# Where to get stackmat timer?



## razorjumper (Sep 11, 2008)

As title states. Btw i live in singapore. the price oso?


----------



## Simboubou (Sep 11, 2008)

I had mine on Kidology.org


----------



## Athefre (Sep 11, 2008)

Someone suggested this in another topic:

http://www.toysrus.com/product/index.jsp?productId=2523123

I don't know if they ship worldwide.


----------



## rjohnson_8ball (Sep 11, 2008)

This could be best:

http://www.speedstacks.com/content/?p=15


----------



## n00bcubix (Sep 12, 2008)

rjohnson_8ball said:


> This could be best:
> 
> http://www.speedstacks.com/content/?p=15



i agree it has dataport too


----------



## Winston (Sep 12, 2008)

razorjumper said:


> As title states. Btw i live in singapore. the price oso?

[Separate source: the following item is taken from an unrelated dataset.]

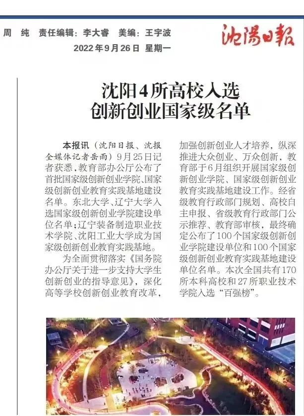聚力双创新征程,打造双创新名片—辽宁开放大学(辽宁装备制造职业技术学院)入选首批国家级创新创业教育实践基地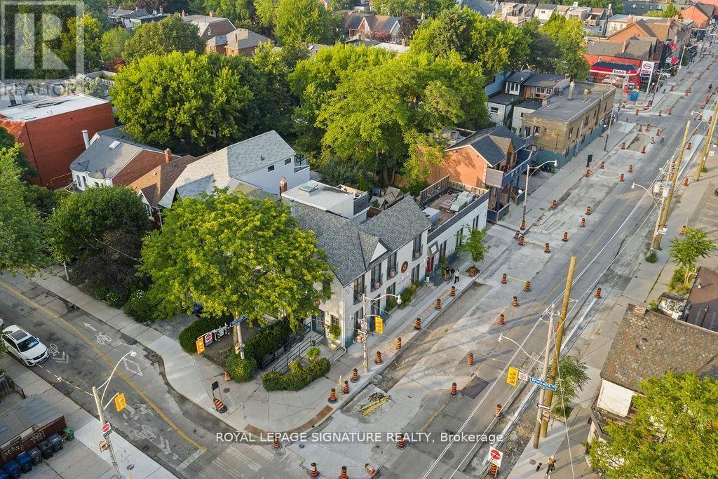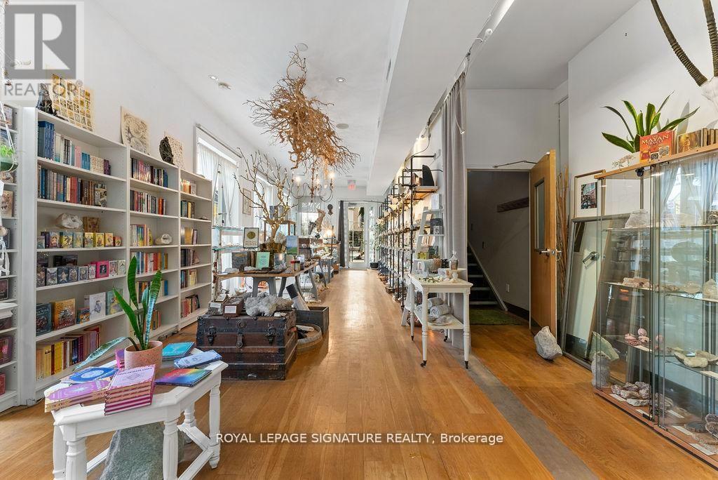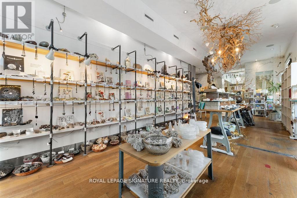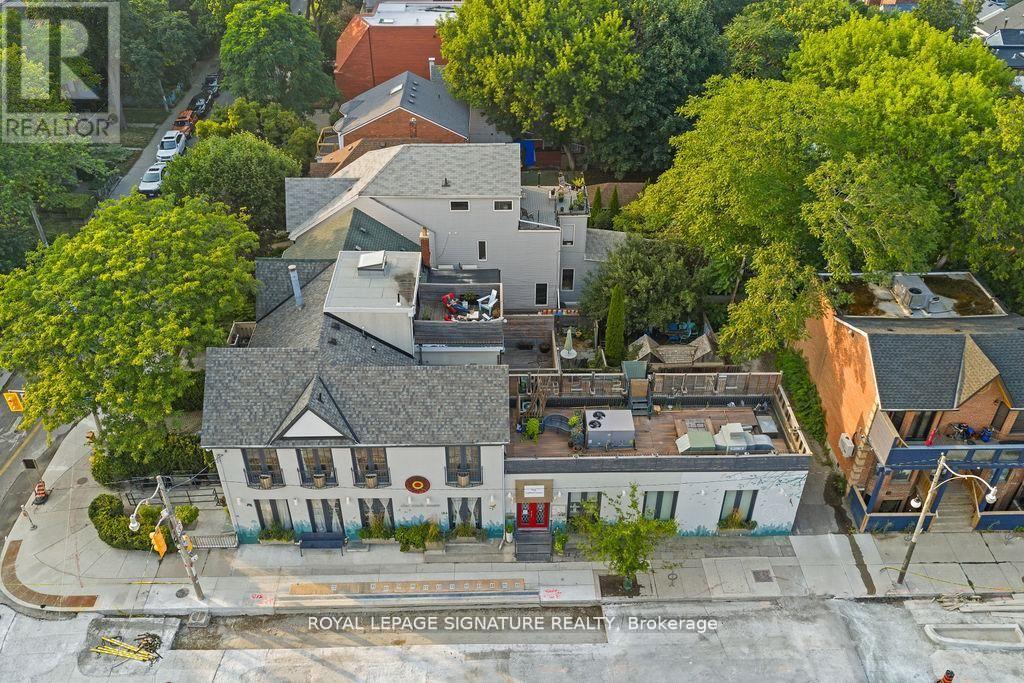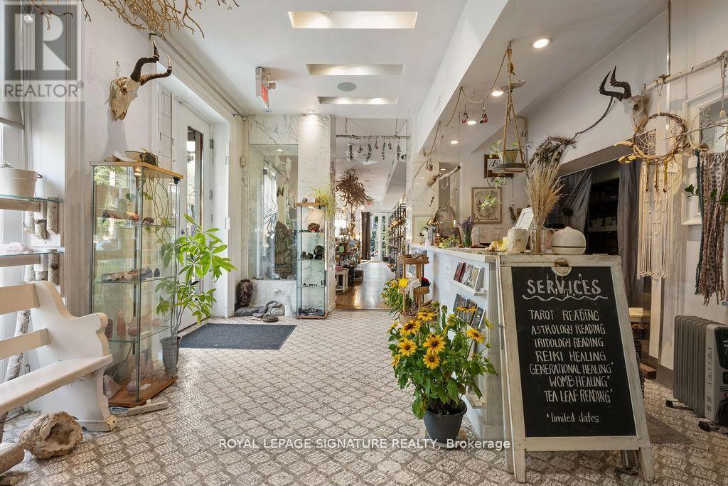 A rare and remarkable opportunity to own a meticulously maintained commercial building in one of Toronto's most sought-after neighbourhoods. With 100 feet of prime street frontage along Harbord Street, this striking corner property commands attention with its exceptional curb appeal and versatile layout. Currently operating as a retail and wellness space, the building is easily adaptable for a variety of uses including a seamless conversion back to its former life as a high-end restaurant. Spanning two light-filled levels plus a finished basement, the space showcases a beautiful blend of architectural character and thoughtful upgrades. The main floor features soaring ceilings, marble accent walls, and wall-to-wall glass doors that flood the interior with natural light. Upstairs, cathedral ceilings, 14-foot French doors with Juliet balconies, and a generous rooftop terrace with CN Tower views create an inspiring setting for private events, dining, ceremonies, and more. Extensive recent updates include a custom steel front door (2024), outdoor cement work and dormer window replacements (2025), a new hot water tank (2023/24), upgraded roofing and HVAC, heated floors, built-in cabinets, a Caesar stone reception desk, and a renovated electrical room. Additional highlights include three bathrooms (with rough-ins for three more), built-in industrial fridges, a landscaped side garden, and 16 internal and external security cameras. With stunning built-in planters full of perennial grasses and flowers wrapping the front and side of the building, this property offers unmatched curb appeal and a rare opportunity to own a space that is truly one-of-a-kind. A perfect fit for end users, investors, or visionary entrepreneurs ready to bring their dream business to life. (id:4555)

You can get the stackmat timer in Singapore without having to order from overseas, at Mega Media Pte Ltd, which is located near Redhill MRT station. The price for the timer alone costs around SGD$30, and timer + mat should be around $40. Visit the new SGCubers forum @ rubiks.com.sg/forum, for further enquiries regarding the stackmat timer


----------



## ImNOTnoob (Sep 12, 2008)

come on, sgcubers is down


----------



## Winston (Sep 12, 2008)

I mentioned the NEW SGCubers forum


----------



## ImNOTnoob (Sep 12, 2008)

yes! Sorry i didnt read the post properly..


----------



## razorjumper (Sep 12, 2008)

Winston said:


> razorjumper said:
> 
> 
> > As title states. Btw i live in singapore. the price oso?
> ...



i dun c any thread concerning about this issue...


----------



## ImNOTnoob (Sep 12, 2008)

razorjumper said:


> Winston said:
> 
> 
> > razorjumper said:
> ...



Please... its a new forum... can't you just look under every topic?
http://z10.invisionfree.com/Rubiks_Cube_SG/index.php?showtopic=21


----------



## Fobo911 (Oct 19, 2008)

I know this topic is somewhat old, but is it possible to buy the StackMat Timer in stores in the USA? Or is it only possible to buy it online?


----------



## ImNOTnoob (Oct 19, 2008)

Uh.. I think some toystores sell stackmats, together with the cups and mat.
Though, the stackmats dont have a connection port to connect to a competition display..


----------



## ferpsg (Jul 10, 2009)

You can get them at cube4you.com


----------



## arckuss123 (Aug 22, 2009)

buy it from ebay. i got mine for 8.99 + 11.99 shipping


----------



## Inf3rn0 (Aug 22, 2009)

Doh note the date of the thread.


----------



## xXzaKerXx (Nov 11, 2009)

what about Malaysia? does anyone know where to get a stackmat timer in Malaysia
? and how much does it costs?


----------